成績概要書(作成 平成10年1月)
課題の分類:
研究課題名:気象・土壌情報を活用した水稲生育予測および窒素施肥対応
      (水稲に対する最適施肥窒素量の全道メッシュ予測システムの開発)
      (気象情報を用いた水稲生育予測システムの開発)
予算区分:道単・共同研究 担当科:上川農試 研究部 土壌肥料科
担当者:
研究期間:平成6〜9年
協力・分担関係:(財)日本気象協会 北海道本部
1.目 的
 低蛋白米の生産には施肥窒素量の適正化が重要であり、現行の施肥標準以上にきめ細かな指針作りが求められている。そこで、水田の窒素動態モデルと気象情報システムを組み合わせ、気象および土壌情報に基づく水稲の最適施肥窒素量を1kmメッシュ単位で予測するシステムを開発する。

2.試験方法
1)水田気象のデータベース作成
 水田水温:熱収支式に基づきアメダス地点の水田水温を推定し、メッシュ展開
 日射量、降水量:アメダスデータを清野の距離重み付け法によりメッシュ展開
2)水田土壌の窒素無機化特性調査
 密栓湛水培養:生土28日間(20℃、30℃)、風乾土40℃7日間
3)水田の窒素動態および水稲生長に関するシステムモデルの改良
 発育モデル、不稔発生モデル、乾土効果モデルなど
4)水稲に対する最適施肥窒素量の全道メッシュ予測システムの開発
1)〜3)を組み合わせた最適施肥窒素量予測システムのプログラム開発
3.結果の概要
水田の窒素動態モデルとメッシュ気象情報を組み合わせ、気象および土壌情報に基づく水稲の最適施肥窒素量を全道的に予測するシステムを開発した。
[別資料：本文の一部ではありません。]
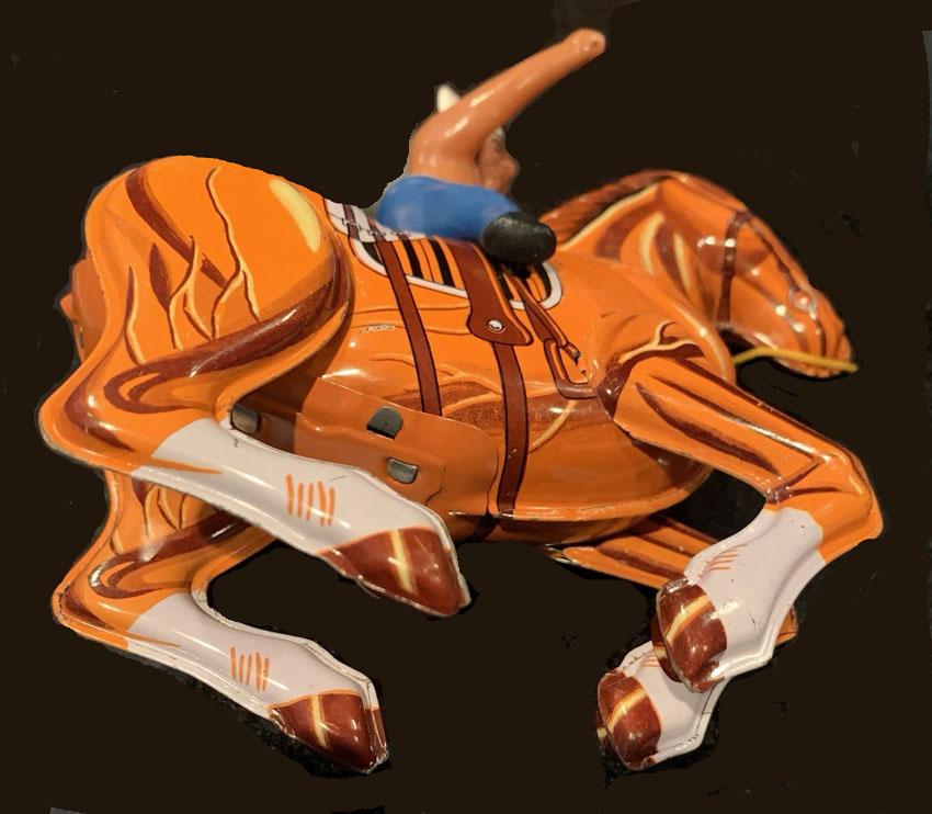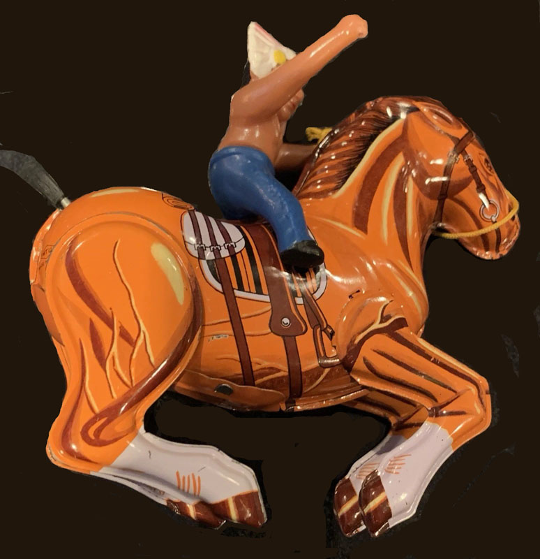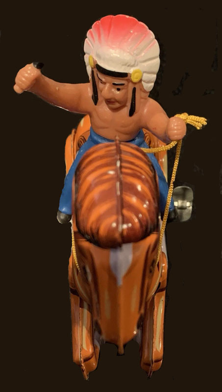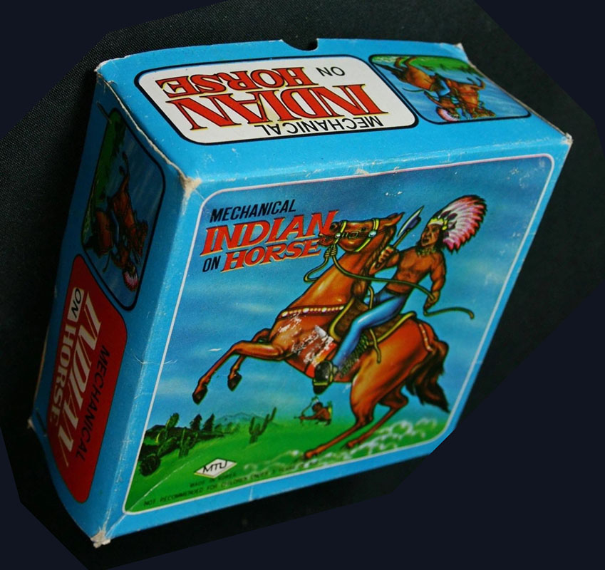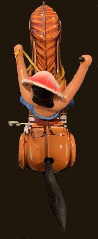 MTU Indian On Horse, Windup, 5″ Long x 5 1/2″ high, Tin/Plastic, 1970’s, Korea

1)水田水温を一般気象データから熱収支式に基づいて推定する手法を開発し、実測値とよく適合したので(図1)、1992年〜1996年の日別平均水温のメッシュ値を算出した。日別降水量および日別日射量のメッシュ値を清野の方法により算出し、日別平均気温とともにこれらをデータベース化した。
2)水田土壌の窒素肥沃度の分布を調査した結果、風乾土の40℃7日間培養窒素の25、50、75パーセンタイル値(低、中、高水準)はそれぞれ7.8、12.0、16.1mgN/100gであった。これと前年9/1〜10/31+当年4/11〜5/10の水熱係数をもとに乾土効果を推定した(表1)。
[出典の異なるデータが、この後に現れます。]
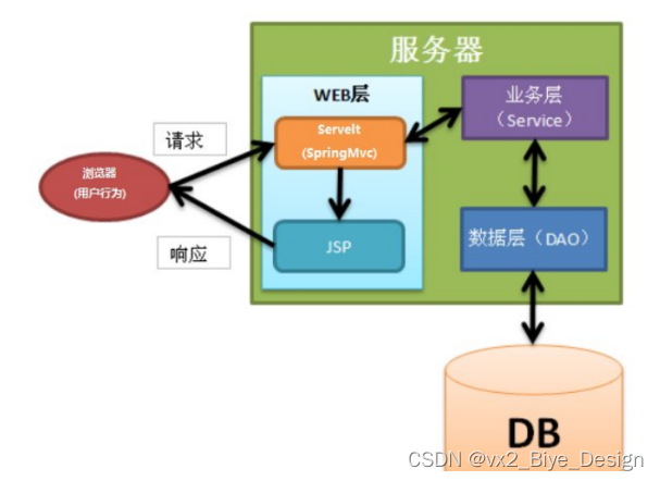 页面发送请求给控制器,控制器调用业务层处理逻辑,逻辑层向持久层发送请求,持久层与数据库交互,后将结果返回给业务层,业务层将处理逻辑发送给控制器,控制器再调用视图展现数据。

3)システムモデル全体の構成は平成6年指導参考に従ったが、サブモデルの一部を改良した。特に、移植期〜幼穂形成期の発育モデルに推定水温を適用した結果、気温による推定(平成9年指導参考)に比べ予測誤差が1.1日減少した(表2)。
4)1〜3をもとに、窒素肥沃度、圃場の乾燥程度、対象年次、施肥窒素量の条件別に収量を推定するシミュレーションシステムを作成し(図2)、施肥窒素量のメッシュ地図を示した(図3)。
5)その結果、施肥窒素量を9kg/10aとした時の地点平均推定収量の年次変動は、全道平均収量の統計値に近い動向を示した。
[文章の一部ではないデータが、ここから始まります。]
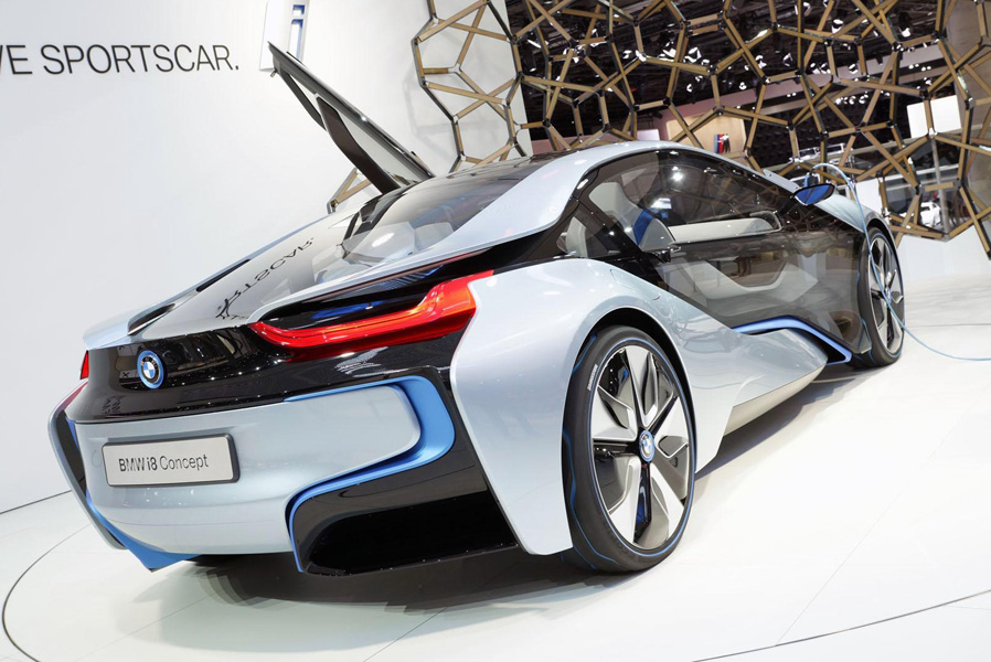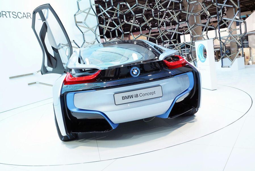 Концепт i8 является автомобилем с встроенной гибридной технологией. Турбированный 1.5-литровый 3-цилиндровый бензиновый двигатель работает вместе с электромотором. Соединённые вместе двигатели развивают до 349 л.с. мощности и выдают 550 нм крутящего момента. Благодаря такой комбинации 1480-килограммовый автомобиль развивает скорость 100 км/ч за 4.6 секунды. Максимальная скорость ограничена 250 км/ч. Дополнительно к вышесказанному стоит заметить, что i8 может проехать 35 км на электротяге. Расход топлива автомобиля равняется 2.7 л/100 км, эмиссия СО2 – 66 г/км.

6)風乾土培養窒素で±4mgN/100gの変異は、最適施肥窒素量で±1.5kgN/10aの変異に相当し、土壌診断に基づく窒素施肥対応を地域ごとに策定する場合の手順を示した(図4)。
7)以上のことから、地域別の土壌窒素肥沃度と年次別の乾土効果に対応した施肥窒素量を現場で算出することが可能となる。

 

4.成果の活用面と留意点
1)水熱係数、推定水温、幼穂形成期予測は、HARIS上の「営農支援システム」に組み込むことによって利用できる。また、窒素施肥対応および乾土効果による減肥指針は土壌診断を実施して利用する。
2)シミュレーションを行うためのプログラムは、モデルのパラメータを変更し、収量、白米蛋白含有率の推定精度が改善されるまで、研究以外の目的に利用しない。